━━ GIVEN DATA ━━

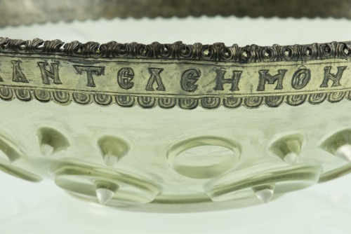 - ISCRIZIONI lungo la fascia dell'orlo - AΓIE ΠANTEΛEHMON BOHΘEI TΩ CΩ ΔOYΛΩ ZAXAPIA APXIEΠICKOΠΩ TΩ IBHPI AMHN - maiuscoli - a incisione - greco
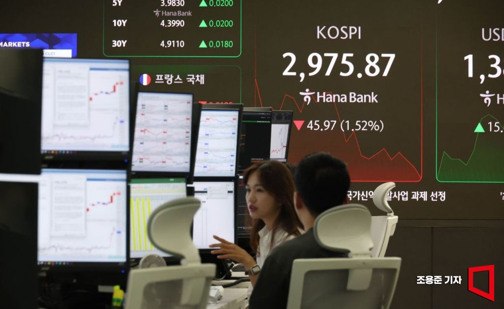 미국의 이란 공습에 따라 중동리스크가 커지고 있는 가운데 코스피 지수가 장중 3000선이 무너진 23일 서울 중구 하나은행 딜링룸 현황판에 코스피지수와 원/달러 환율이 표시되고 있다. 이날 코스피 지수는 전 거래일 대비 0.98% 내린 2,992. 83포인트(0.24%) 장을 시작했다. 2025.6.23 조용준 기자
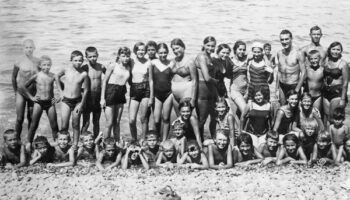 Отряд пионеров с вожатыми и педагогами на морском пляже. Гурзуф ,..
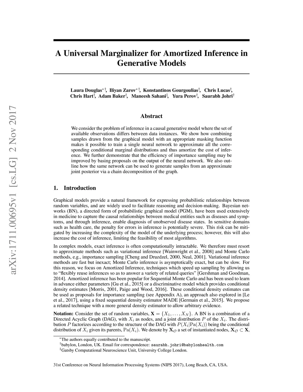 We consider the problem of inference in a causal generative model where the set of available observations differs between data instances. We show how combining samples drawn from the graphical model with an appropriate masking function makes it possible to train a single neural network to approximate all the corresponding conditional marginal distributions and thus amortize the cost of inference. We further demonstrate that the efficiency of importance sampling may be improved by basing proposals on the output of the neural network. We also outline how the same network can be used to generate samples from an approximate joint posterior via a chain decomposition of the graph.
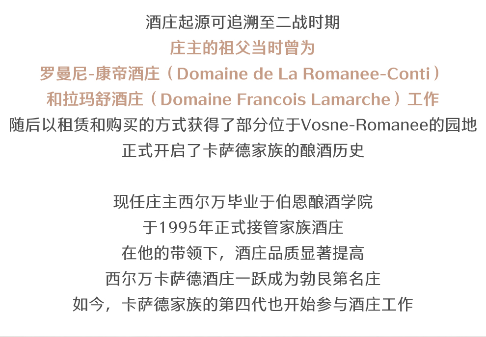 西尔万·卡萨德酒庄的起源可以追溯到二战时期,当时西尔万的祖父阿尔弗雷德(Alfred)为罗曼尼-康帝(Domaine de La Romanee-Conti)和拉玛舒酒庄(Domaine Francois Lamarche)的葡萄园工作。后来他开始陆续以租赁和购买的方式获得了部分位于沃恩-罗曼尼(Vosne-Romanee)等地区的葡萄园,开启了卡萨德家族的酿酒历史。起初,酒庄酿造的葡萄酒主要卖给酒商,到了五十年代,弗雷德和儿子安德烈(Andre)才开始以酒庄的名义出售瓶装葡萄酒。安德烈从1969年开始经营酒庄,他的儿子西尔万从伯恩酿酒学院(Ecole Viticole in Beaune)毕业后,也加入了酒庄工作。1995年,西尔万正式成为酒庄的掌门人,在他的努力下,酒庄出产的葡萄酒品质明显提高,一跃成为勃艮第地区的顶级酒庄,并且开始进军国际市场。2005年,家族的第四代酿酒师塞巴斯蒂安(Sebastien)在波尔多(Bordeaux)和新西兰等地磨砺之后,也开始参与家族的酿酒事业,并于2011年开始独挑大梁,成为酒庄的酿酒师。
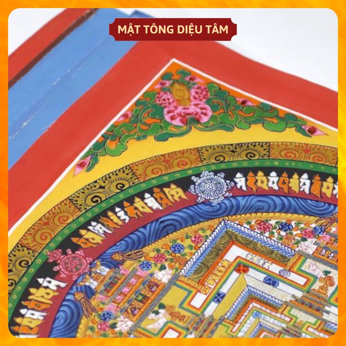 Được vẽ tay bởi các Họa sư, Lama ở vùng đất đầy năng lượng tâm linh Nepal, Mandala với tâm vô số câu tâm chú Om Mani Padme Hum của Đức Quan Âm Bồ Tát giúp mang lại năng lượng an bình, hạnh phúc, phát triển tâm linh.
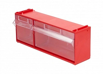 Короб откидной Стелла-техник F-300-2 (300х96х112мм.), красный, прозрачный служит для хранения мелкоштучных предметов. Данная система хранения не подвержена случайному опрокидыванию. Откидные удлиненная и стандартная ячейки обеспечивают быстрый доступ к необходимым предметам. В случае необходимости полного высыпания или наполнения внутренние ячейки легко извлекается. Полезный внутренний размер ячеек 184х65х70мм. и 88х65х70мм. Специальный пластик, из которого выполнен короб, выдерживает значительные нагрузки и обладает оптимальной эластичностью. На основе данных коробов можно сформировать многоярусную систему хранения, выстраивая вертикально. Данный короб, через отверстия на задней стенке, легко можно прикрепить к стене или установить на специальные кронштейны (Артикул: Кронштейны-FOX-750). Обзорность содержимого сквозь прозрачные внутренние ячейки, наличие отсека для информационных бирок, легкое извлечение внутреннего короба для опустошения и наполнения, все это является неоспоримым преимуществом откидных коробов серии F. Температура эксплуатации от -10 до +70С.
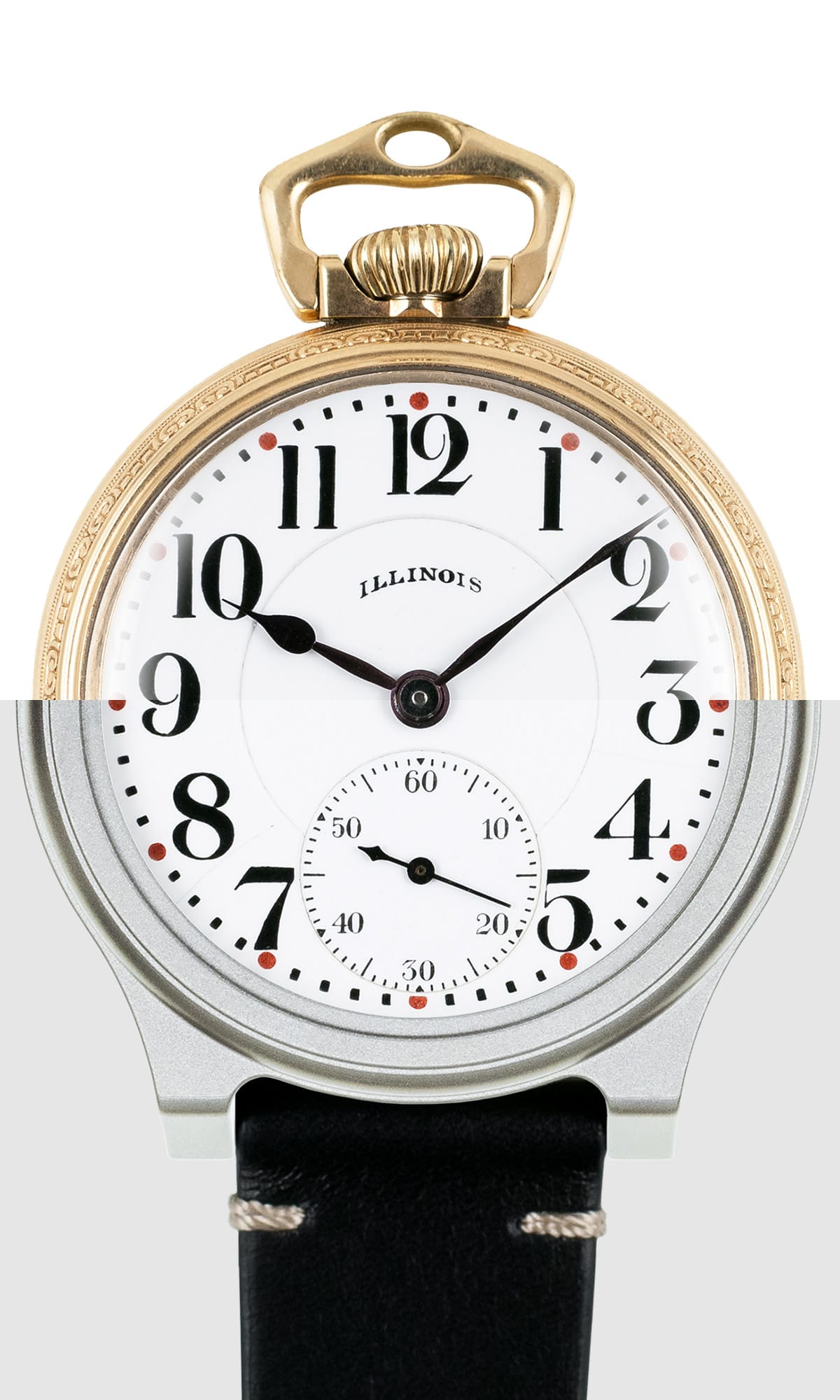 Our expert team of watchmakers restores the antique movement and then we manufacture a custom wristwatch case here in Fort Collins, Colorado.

━━━

Please transcribe the entries exactly, omitting the images.

- **OUTPUT OF THE TASK**
 - ISCRIZIONI lungo la fascia dell'orlo - AΓIE ΠANTEΛEHMON BOHΘEI TΩ CΩ ΔOYΛΩ ZAXAPIA APXIEΠICKOΠΩ TΩ IBHPI AMHN - maiuscoli - a incisione - greco
 미국의 이란 공습에 따라 중동리스크가 커지고 있는 가운데 코스피 지수가 장중 3000선이 무너진 23일 서울 중구 하나은행 딜링룸 현황판에 코스피지수와 원/달러 환율이 표시되고 있다. 이날 코스피 지수는 전 거래일 대비 0.98% 내린 2,992. 83포인트(0.24%) 장을 시작했다. 2025.6.23 조용준 기자
 Отряд пионеров с вожатыми и педагогами на морском пляже. Гурзуф ,..
 We consider the problem of inference in a causal generative model where the set of available observations differs between data instances. We show how combining samples drawn from the graphical model with an appropriate masking function makes it possible to train a single neural network to approximate all the corresponding conditional marginal distributions and thus amortize the cost of inference. We further demonstrate that the efficiency of importance sampling may be improved by basing proposals on the output of the neural network. We also outline how the same network can be used to generate samples from an approximate joint posterior via a chain decomposition of the graph.
 西尔万·卡萨德酒庄的起源可以追溯到二战时期,当时西尔万的祖父阿尔弗雷德(Alfred)为罗曼尼-康帝(Domaine de La Romanee-Conti)和拉玛舒酒庄(Domaine Francois Lamarche)的葡萄园工作。后来他开始陆续以租赁和购买的方式获得了部分位于沃恩-罗曼尼(Vosne-Romanee)等地区的葡萄园,开启了卡萨德家族的酿酒历史。起初,酒庄酿造的葡萄酒主要卖给酒商,到了五十年代,弗雷德和儿子安德烈(Andre)才开始以酒庄的名义出售瓶装葡萄酒。安德烈从1969年开始经营酒庄,他的儿子西尔万从伯恩酿酒学院(Ecole Viticole in Beaune)毕业后,也加入了酒庄工作。1995年,西尔万正式成为酒庄的掌门人,在他的努力下,酒庄出产的葡萄酒品质明显提高,一跃成为勃艮第地区的顶级酒庄,并且开始进军国际市场。2005年,家族的第四代酿酒师塞巴斯蒂安(Sebastien)在波尔多(Bordeaux)和新西兰等地磨砺之后,也开始参与家族的酿酒事业,并于2011年开始独挑大梁,成为酒庄的酿酒师。
 Được vẽ tay bởi các Họa sư, Lama ở vùng đất đầy năng lượng tâm linh Nepal, Mandala với tâm vô số câu tâm chú Om Mani Padme Hum của Đức Quan Âm Bồ Tát giúp mang lại năng lượng an bình, hạnh phúc, phát triển tâm linh.
 Короб откидной Стелла-техник F-300-2 (300х96х112мм.), красный, прозрачный служит для хранения мелкоштучных предметов. Данная система хранения не подвержена случайному опрокидыванию. Откидные удлиненная и стандартная ячейки обеспечивают быстрый доступ к необходимым предметам. В случае необходимости полного высыпания или наполнения внутренние ячейки легко извлекается. Полезный внутренний размер ячеек 184х65х70мм. и 88х65х70мм. Специальный пластик, из которого выполнен короб, выдерживает значительные нагрузки и обладает оптимальной эластичностью. На основе данных коробов можно сформировать многоярусную систему хранения, выстраивая вертикально. Данный короб, через отверстия на задней стенке, легко можно прикрепить к стене или установить на специальные кронштейны (Артикул: Кронштейны-FOX-750). Обзорность содержимого сквозь прозрачные внутренние ячейки, наличие отсека для информационных бирок, легкое извлечение внутреннего короба для опустошения и наполнения, все это является неоспоримым преимуществом откидных коробов серии F. Температура эксплуатации от -10 до +70С.
 Our expert team of watchmakers restores the antique movement and then we manufacture a custom wristwatch case here in Fort Collins, Colorado.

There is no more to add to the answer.